1. I will let go of trying to preserve my image and instead preserve myself... POETRY

2. obligation, abandoned, rebellious, reason, courage, release, benevolent, cosmos.

3. your photography screams with the voice of vocation.

4. i'll meet you in italy and finish the tour with you until we return to the states. then i'll pick back up with you in chile.

5. i recall some pact detailing the first to receive a check for over $10,000 was to do something... can't remember. let's reassign it to buying 2 first class tickets to one of these locations.

6. yes, to the convict, but she was the benefactor of her niece (?).

7. if they haven't yet read Great Expectations, they deserve to have it spoiled for them.

Dutch said...

"deserve to have it spoiled for them?"

snob

jordan- i saw a rick steves once on spain and i totally knew it was a place for me - you are right! the food, the people, the wine, the cathedrals, the gorgeous men. sign me up.

jmg-
1. eyes welling. thank you.
2. how is it that everything i feel is accepted and loved by you? you are a feat of openness with an embrace as expansive and breathtaking as our california sunsets.
3. screams...how to answer?
4. it's a deal. but you cannot speak spanish to the waiters and embarrass the latin socks off me.
5. it's SO like you to forget. :) it was shoes, remember? you are willing to forgo your first pradas for such a plane ride? fuck that, we NEED the pradas for the plane ride.
6. she was indeed the caretaker/benefactor of estella.
7. did you actually read it or are you pulling this when pip looked an awful lot like ethan hawke?

bmw-
you crack me up. you have totally read it and yet you still side on the "look how snobby you are" side. EMBRACE you inner snob. Everyone's doing it.

Unknown said...

sir wigand-i felt nothing but admiration and praise from that pronouncement-which is, i am sure, how it was intended.

mme-it's simple, you perpetually awe me. of course the pradas! they must indeed precede our flight. as to your last...i shall not endeavor to defend my literary achievements ;)

emilyclare said...

Miss Hav,
(I admit, doesn't quite have the same ring to it - but funnily enough Dickens based her on a Sydney woman - that's right! Miss Eliza Donnothorne). I admire how you so freely and openly admit your thoughts and fears and worries - it takes a lot to actually acknowledge what we feel, and I guess the letting go comes after that. You do inspire me, so much. And Your future excursions are absolutely delicious, and I admit I would want to do a great many of them... but it looks like this year I'll be off to Israel for a week-long conference, and at the very very end of the yearoff to the UK for some work and then to your great country, for a holiday I have dreamed of but haven't even started planning. But all I know is that I must come to Seattle.

Leiflet said...

Oof. i appreciate the very nice thought, but god help us if we are settled down in cincinnati three years from now.

i love how 3 of my 10 comments are mine! i am going to comment on all my blogs more!

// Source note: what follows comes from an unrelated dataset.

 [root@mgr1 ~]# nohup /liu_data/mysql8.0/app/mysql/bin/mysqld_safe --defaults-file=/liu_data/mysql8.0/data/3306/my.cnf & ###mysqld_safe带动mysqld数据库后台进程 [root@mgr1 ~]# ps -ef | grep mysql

Em- do tell us more about Miss Eliza Donnothorne...how did my literary prowess escape such delicious esoteric knowledge. Seattle would host you well!!

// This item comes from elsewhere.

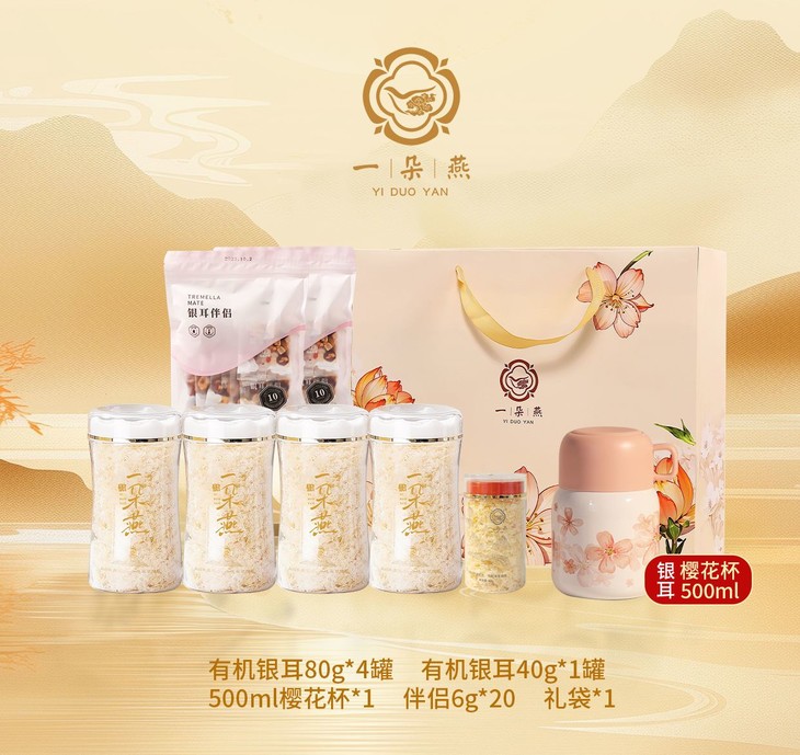【规格】组合一: 银耳80g*4罐+ 樱花杯500ml*1个+伴侣6g*10小包*2袋+礼袋1个(赠送40g*1罐银耳)

Leif - okay fine. i will adjust my travel itinerary accordingly (and was admitedly hoping to skip the midwest if at all possible).

she said...

well frick. i guess i'll have to move, then...b/c i wanna be on this travel itinerary no matter what it takes.

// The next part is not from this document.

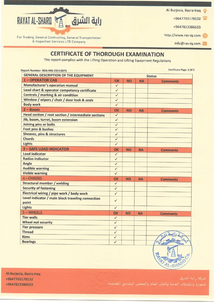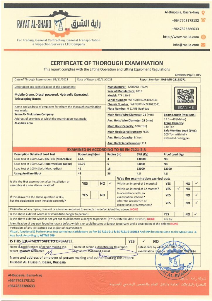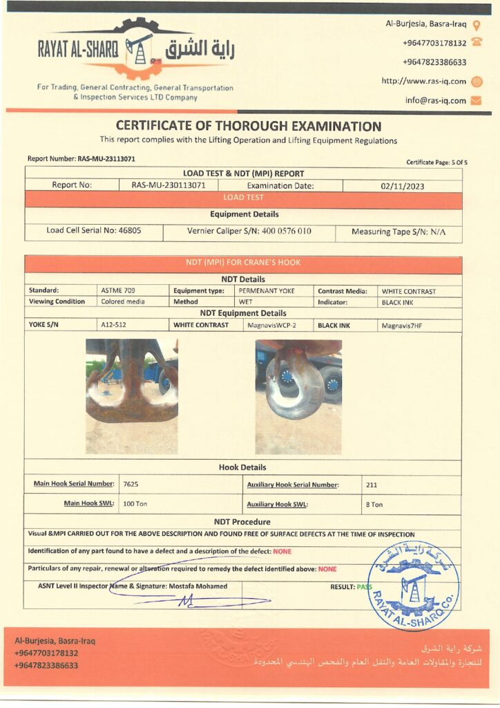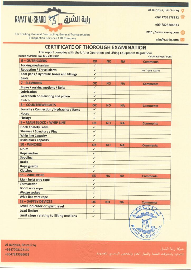 LIFTING INSPECTION
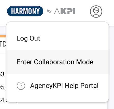 1. Click Core Performance in the main menu. Then click the User Icon in the upper right-hand corner of your screen, and click Enter Collaboration Mode.

chicago is a forgiven midwest because it's a major metropolis.

Two weeks in AU and NZ is not enough!!! I spent 11 months in NZ and 1 month in AU and still, my desire to tramp around down under hasn't been quenched.

While you might think that you over analyze things, I think your methods are perfectly necessary and when all is said and done, the notes you take on the state of your life and soul and mind can offer me a pinch of a glimpse into a mirror of my own life from time to time. For which I am extremely grateful.

Love you so.

PS The men in Spain...there was a man I passed on a sidewalk once in Barcelona. Ocean eyes. I cried once we were back to back.